• Records contained in a dataset
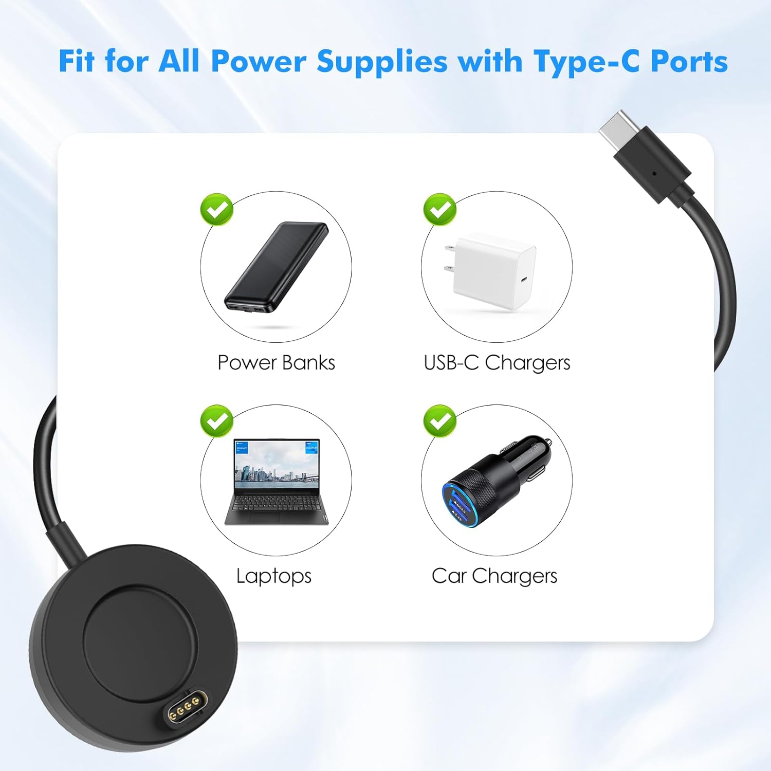 EFFORTLESS USB-C CHARGING – Simply place your watch near the dock, and the strong magnets will securely align it for charging. Compatible with any USB-C port for fast and efficient power delivery.
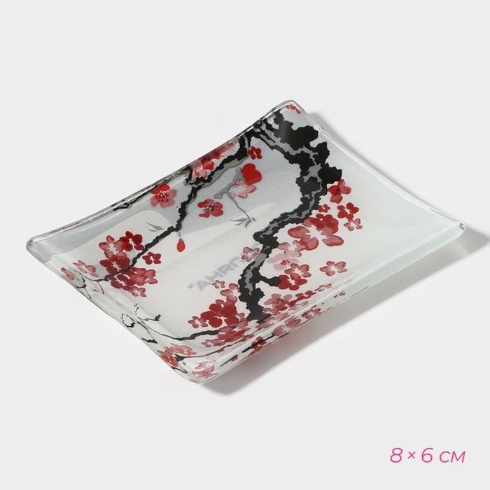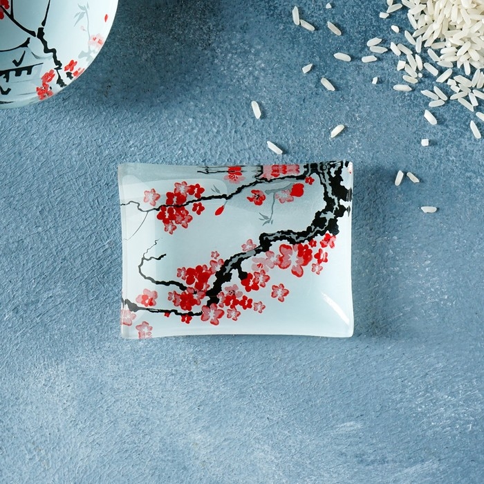 Набор для суши из стекла Доляна «Сет», 3 предмета: соусники 8×2 см, 8×6 см, подставка 25×15×2 см
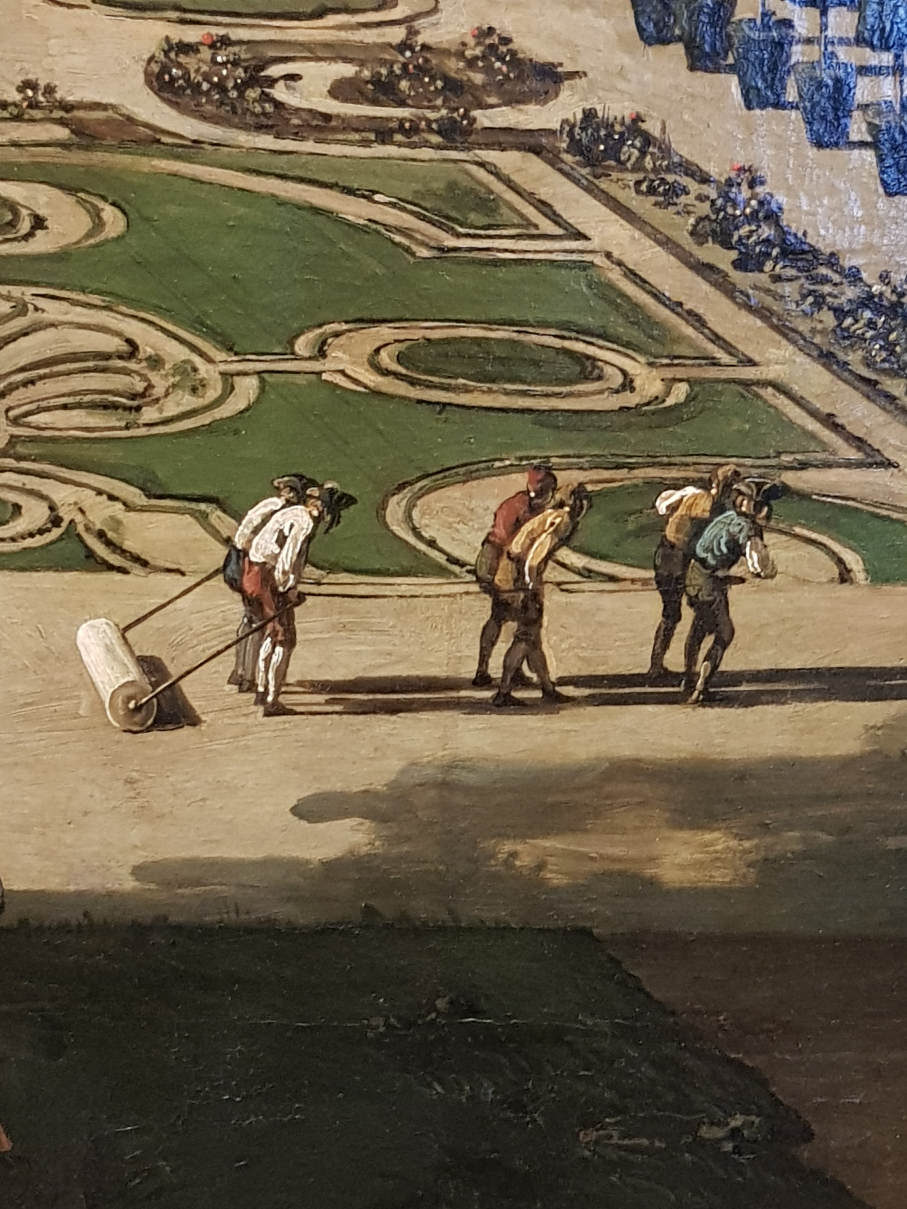 Tintoretto (right). There are lots of court figures in the grounds. But, of course, to keep everything perfect, the groundsmen had to follow them with their rollers. And look closely (left), we can see them!
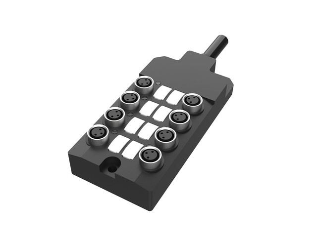 DB080803-1-05P Lanbao je distribuční box určený pro připojení více senzorů v automatizačních aplikacích. Umožňuje přehledné rozvedení signálů z 8 portů M8 a zjednodušuje montáž kabeláže.
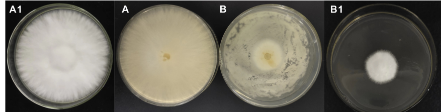 青霉菌通过产生有毒气体及通过竞争有限空间和营养等方式抑制白玉菇菌丝生长,该类霉菌易泛滥会导致食用菌工厂化生产较大规模减产。文章1从基因和蛋白表达层面上阐述了白玉菇对青霉菌生物胁迫做出的响应,以及生长过程中为适应受胁迫状态而做出的生长调整,发现6种胁迫响应机制,具体为苯、醛、酚等物质的无毒转化;谷胱甘肽代谢以减少对细胞的氧化损伤;组蛋白修饰,核苷酸切除修复,清除错误折叠蛋白,减少错误核酸和蛋白的形成;将l -赖氨酸转化为食用菌的氮源谷氨酰胺,以应对养分竞争中形成的氮限制;增强过氧化氢酶活性;细胞壁重塑。2种生长适应机制以减少菌丝的生长,包括细胞成分,如核糖体、内质网蛋白质、剪接体等,的减少;碳代谢与产能,如糖酵解和糖异生等,的减弱。

• WHAT IS BEING ASKED
Once the pictures are removed, print all the remaining data exactly as it stands.

• RESPONSE BELOW
 EFFORTLESS USB-C CHARGING – Simply place your watch near the dock, and the strong magnets will securely align it for charging. Compatible with any USB-C port for fast and efficient power delivery.
 Набор для суши из стекла Доляна «Сет», 3 предмета: соусники 8×2 см, 8×6 см, подставка 25×15×2 см
 Tintoretto (right). There are lots of court figures in the grounds. But, of course, to keep everything perfect, the groundsmen had to follow them with their rollers. And look closely (left), we can see them!
 DB080803-1-05P Lanbao je distribuční box určený pro připojení více senzorů v automatizačních aplikacích. Umožňuje přehledné rozvedení signálů z 8 portů M8 a zjednodušuje montáž kabeláže.
 青霉菌通过产生有毒气体及通过竞争有限空间和营养等方式抑制白玉菇菌丝生长,该类霉菌易泛滥会导致食用菌工厂化生产较大规模减产。文章1从基因和蛋白表达层面上阐述了白玉菇对青霉菌生物胁迫做出的响应,以及生长过程中为适应受胁迫状态而做出的生长调整,发现6种胁迫响应机制,具体为苯、醛、酚等物质的无毒转化;谷胱甘肽代谢以减少对细胞的氧化损伤;组蛋白修饰,核苷酸切除修复,清除错误折叠蛋白,减少错误核酸和蛋白的形成;将l -赖氨酸转化为食用菌的氮源谷氨酰胺,以应对养分竞争中形成的氮限制;增强过氧化氢酶活性;细胞壁重塑。2种生长适应机制以减少菌丝的生长,包括细胞成分,如核糖体、内质网蛋白质、剪接体等,的减少;碳代谢与产能,如糖酵解和糖异生等,的减弱。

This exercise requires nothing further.